The laboratory is a key player at the international level and within the IPSL in studies on climate variability and evolution. As a contributor and coordinator in international intercomparison exercises of climate models at global (CMLIP) and regional (CORDEX) scales, the LMD's expertise is largely based on the in-house development of climate models with, at its heart, the LMDZ and DYNAMICO, and the studies conducted at the LMD support the expertise synthesised in the assessment reports (IPCC and similar regional structures, e.g. MedECC).
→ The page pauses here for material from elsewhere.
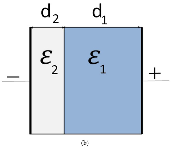 Several authors reported general theoretical models of the interfaces between conductors and electrolytes. Among the most prominent of these models is Parallel-Plate Condenser Helmholtz Model [19,20]. The main conclusion of this model is that the capacitance of an interface between a conductor and an electrolyte is primarily determined by a thin layer of molecular ions at this interface (Helmholtz layer) and that this capacitance can be estimated by using the formula for a planar parallel plate capacitor with a dielectric constant of this electrolyte [19,20]. Despite many theoretical advances, this conclusion, first suggested in 1853, is still a cornerstone of the presently used theories. Among the most important later-developed theories are Diffuse-Layer Model by Gouy and Chapman [19,20]. This model is based on the solution of the Poisson–Boltzmann equation that accounts for electric field screening by the electrolyte ions affected by their thermal motion and predicts the formation of a diffuse layer. A historical review of other important models can be found in [19,20]. For this paper, we summarize that in the presently used general theoretical models of the double-layer capacitance, the diffuse layer is positioned between the Helmholtz layer and the bulk of the electrolyte and capacitances of both layers are usually calculated by using two different dielectric constants for these layers [19]. The dielectric constant of the Helmholtz layer, that in some cases is divided by inner and outer Helmholtz planes, is usually considered to be smaller than the dielectric constant of the diffuse layer [21].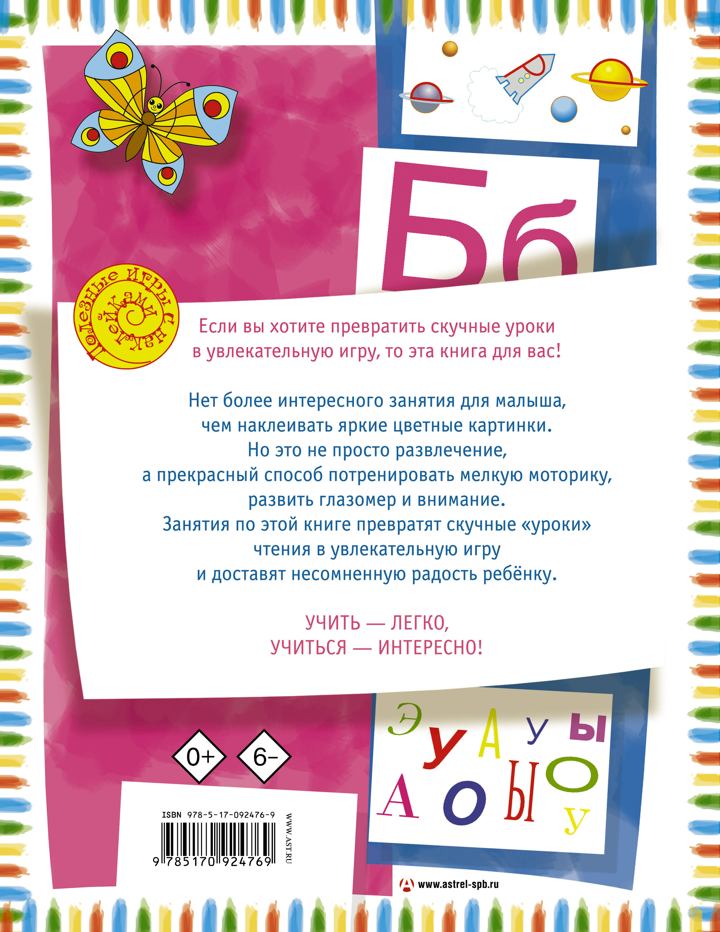 Если ваш малыш только учится читать, то эта книга для вас. Простые слова и несложные предложения, собранные в этой книге, помогут ребенку закрепить навыки чтения и превратят скучные "уроки" в занимательную игру. Ведь что может быть интереснее, чем выбирать и наклеивать яркие цветные картинки? К тому же это занятие прекрасно развивает внимание и мелкую моторику.

The expertise and tools developed at the LMD are also used to support impact studies in two sectors: health and energy. The work on health is based on the chemistry-transport model CHIMERE, and focuses on modelling and quantifying the exposure of populations to air pollution. In the energy sector, the LMD's expertise on climate predictability, variability and evolution at regional scales can be translated into terms of predictability, variability and evolution of energy production and consumption and to develop decision-making tools (forecasting with a suite of E4Cast models; integrated climate-energy modelling E4Clim for prospective needs).